Mr Annan described the booklet, Foreign Dir ect Investment in Africa: Performance and Potential, as "an important step to help change the image of Africa, to put the continent back on the investment-location map."

It is being distributed to companies throughout the world by UN offices and ICC, the world’s leading business organization, which has member companies and business associations in more than 130 countries.

The main findings of the booklet were released in the form of a fact sheet at a joint press conference called by Secretary-General Annan and ICC President Adnan Kassar. The ICC President is Chairman of Fransabank, a leading finance and banking group with main offices in Lebanon.

In his foreword, Secretary-General Annan said that the United Nations was determined to help Africa to develop and to play its full part in the global economy. "We are particularly concerned to help promote investment – domestic as well as foreign – as a means of strengthening the supply side of the African economy."

UNCTAD said the tendency to lump African countries together in a single stereotype gives a wrong impression. The agency reported that the great majority of African countries have substantially improved their regulatory frameworks for foreign direct investment. "Today, regulatory conditions in many African countries are on a par with those in other developing countries," it said.

The fact sheet lists seven investment "front runners" – Botswana, Equatorial Guinea, Ghana, Mozambique, Namibia, Tunisia and Uganda.

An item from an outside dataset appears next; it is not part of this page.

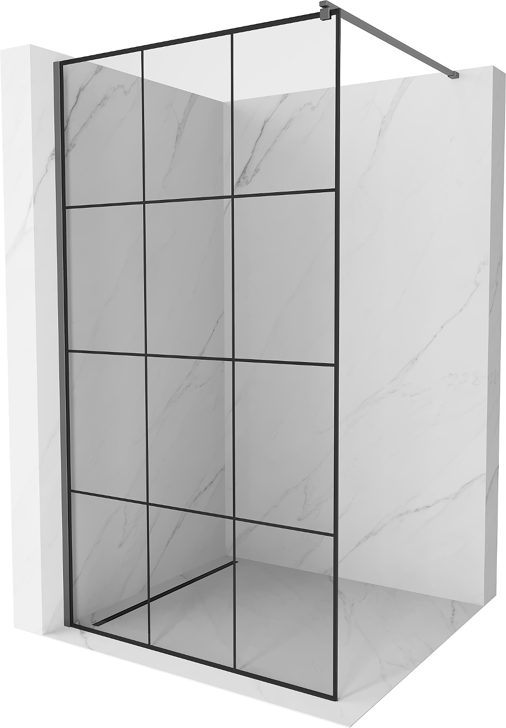 Mexen Kioto sprchová stěna Walk-in 110 x 200 cm, černá mřížka 8 mm, gun metal - 800-110-101-95-77

It comments: "The dynamism of their FDI inflows now rivals other well-performing developing countries. Though the seven countries account for less than one tenth of the continent’s population and GDP, they received one quarter of African FDI in 1996."

According to UNCTAD, data for African affiliates of United States multinational companies show annual returns on FDI averaging 29% since 1990. "The profitability of their African affiliates has been consistently higher in recent years than that of affiliates in most other regions of the world, including those of the developed countries."

UNCTAD Secretary-General Rubens Ricupero said: "A number of front runner countries have attracted above-average amounts of FDI…From the viewpoint of some foreign companies, investment in Africa seems to be highly profitable, more profitable indeed than in most other regions."

The fact sheet contains comments on investment and business prospects in Africa by Barclays Bank, Citibank, Coca-Cola, Marubeni, Nestl, Novartis, Royal Dutch/Shell, Standard Chartered, Unilever and Vodafone.

Several of the executives quoted emphasized the importance of political stability in making investment decisions. One view expressed was that more needed to be done to create the economic, social and political environment in which companies can succeed.

Dominic Bruynseels, Managing Director, Barclays Africa, gave this assessment of investment prospects: "Several key African economies are growing at an impressive rate, encouraged by growing political stability and financial prudence. Trade and exchange rate liberalization are features of the reforms designed to facilitate international investment and to achieve an economic climate that encourages business development."

The UNCTAD fact sheet on foreign direct investment in Africa is a joint initiative with the World Bank’s Multilateral Investment Guarantee Agency (MIGA), the UN Development Programme (UNDP) and ICC.